Segnbora understood the sensation as most of her companions couldn’t. The Fire within her, dwindled to nearly nothing because of years of lack of focus, now suddenly leapt up as wildly within her as if a wind blew through her soul. The Power pushed at her, urging her toward the mountain. At the same time it looked through her at the others, and looked through them at her, determining what changes would be made—
Oh Goddess, she thought, this is what I’ve needed. There was no mistaking the Source of what stirred here, though this half-slumbering immensity of calling Flame was only the least tithe of Her Power. And I’m terrified—
Herewiss and Freelorn stood transfixed, keeping very close to each other. She couldn’t see their faces, but Freelorn had stopped nervously hugging himself for the first time since the morning. Khávrinen in its back-sheath was blue-white with Fire: its light shone through seams in its scabbard, and the hilt blazed like a torch. “There’s the trail,” Freelorn said quietly, looking upward.
“I’ll race you,” Segnbora said as quietly. She slipped past them and started climbing.
The trail wasn’t too difficult. Part of it followed old gullies or slide-paths; part of it seemed to have been cut into the hillside, but only lightly, so that rockfall or deadwood frequently blocked the way. In the starlight it was hard to see where to put one’s feet. Each of them fell and slid at least once. By the time they reached the flattened hilltop five hundred feet above the lakeshore, they were all bruised, and breathing hard.
But the gasping for breath didn’t last. It was replaced almost immediately by a sensation of being anchored, centered, secured past any dislodging. Freelorn and Herewiss stood as still as Segnbora, feeling their pulses become tranquil, their breath come more gently. The three of them stood poised at the apex of the world’s Heart. The Universe swung around them, slow and silent, waiting. After a few moments Segnbora sank to one knee, bending to touch the gullied ground with one hand, the ground where Raela and Efmaer and Béorgan had stood. She could feel the Power, bound, waiting, alive. Her own Fire strained downward to reach it, and, unfocused, could not. But that seemed unimportant as she knelt there, feeling the ages run through her. This place was more important than the needs of any one human being.

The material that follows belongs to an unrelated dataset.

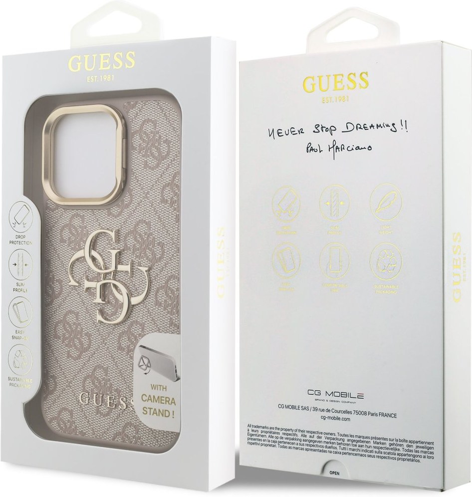 Prémiový zadný kryt Guess PU 4G Metal Logo Stand Camera Frame sa vyznačuje elegantným, charakteristickým 4G vzorom, doplneným o logo GUESS. Kryt je vyrobený z ľahkého a odolného polyuretánu (PU) s povrchovou úpravou z PU kože a ponúka tak nielen skvelú ochranu telefónu, ale aj pohodlie pri používaní. Táto povrchová úprava zaisťuje pevný úchop, čo minimalizuje riziko, že telefón vykĺzne z ruky. Vďaka presnému tvaru perfektne sedí na telefóne a umožňuje ľahký prístup ku všetkým tlačidlám a konektorom. Tento kryt je prakticky navrhnutý s integrovaným stojanom na zadnej strane, ktorý zároveň funguje ako ochranný rámček pre zadný fotoaparát. Vďaka stojanu si môžete telefón jednoducho postaviť na stôl a pohodlne sledovať filmy, videá, prezerať fotky alebo vybavovať videohovory - a to všetko bez nutnosti držať telefón v ruke. Tento prvotriedny kryt doplnený výrazným 4G logom a je skvelou ponukou pre ľudí, ktorí si v móde cenia nielen exkluzívneho vzhľadu, ale aj vysokej kvality a funkčnosti. Je to nevyhnutný doplnok pre každého, kto hľadá kombináciu elegancie a prestíže.Vlastnosti

“Loved,” Freelorn said to Herewiss, his voice uncertain, “something’s strange inside me—”
“Of course there is.” Herewiss reached out to Freelorn and drew him close, not so much in compassion as in exultation. “It’s your Fire. You have a spark of it like everyone else; here at the heart of Fire, how could you not feel it? The Fane is reaching up to you.”

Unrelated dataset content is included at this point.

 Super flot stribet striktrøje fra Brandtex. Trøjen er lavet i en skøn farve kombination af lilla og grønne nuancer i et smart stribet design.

“I thought so.” Freelorn sounded almost in pain. “It wants me. But I don’t know what to do.”
“Listen to what it has to say to you,” Herewiss said. “Just feel it. Few enough people ever do.”

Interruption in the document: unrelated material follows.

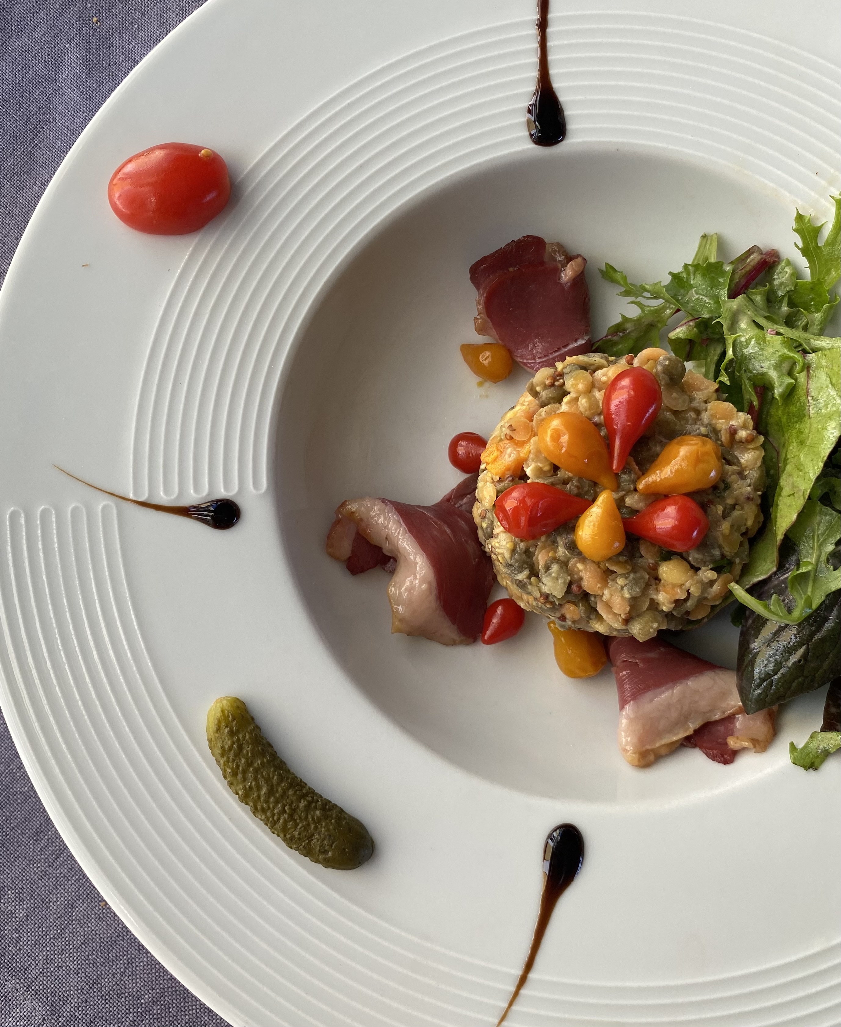 Moment parfait! Delicieux repas sous le regard d'un incroyable cèdre quadricentenaire. Plein de couleurs et de goûts dans des assiettes composées avec l'intention manifeste du chef et de la pâtissière de faire plaisir à leurs hôtes. La personne chargée du service est souriante et sympathique. Et à la fin l'addition est on ne peut plus raisonnable. Rapport qualité/prix au top

Herewiss let go of Freelorn with his right arm, then reached around behind to let Khávrinen’s scabbard down from the back-sling. He drew the sword slowly, with relish and ease and much tenderness, as he might have drawn himself from his loved after passion spent. The sword swept out and down before him, Fire trailing behind the blade. Even now, before the wreaking had begun, the Flame was too bright to look at directly.
“So much,” Lorn said, soft-voiced, blinking and tearing in the light. “You can do anything now…”
“For the moment.” Freelorn looked puzzled: Herewiss laughed gently. “Lorn, just how did you think I was able to destroy those hralcins? Under normal circumstances twenty Rodmistresses, fifty, couldn’t have done it. I was in ‘breakthrough,’ as they call it in the Precincts, and I will be for maybe another tenday or so. After that the Power begins to drop to more normal levels. That’s why She wants me to hurry.”
He gazed down at the Flame-flowing sword in his hand. “I’ll give back what was given to me,” he said, resting Khávrinen’s point on the ground. “As much as I can. Standing where we stand, every power for good between the mountains and the Sea will feel this happening, and know me for an ally.”
“The Shadow and the dark things will hear you too,” Freelorn said, “and know you for an enemy. They hate defiance….”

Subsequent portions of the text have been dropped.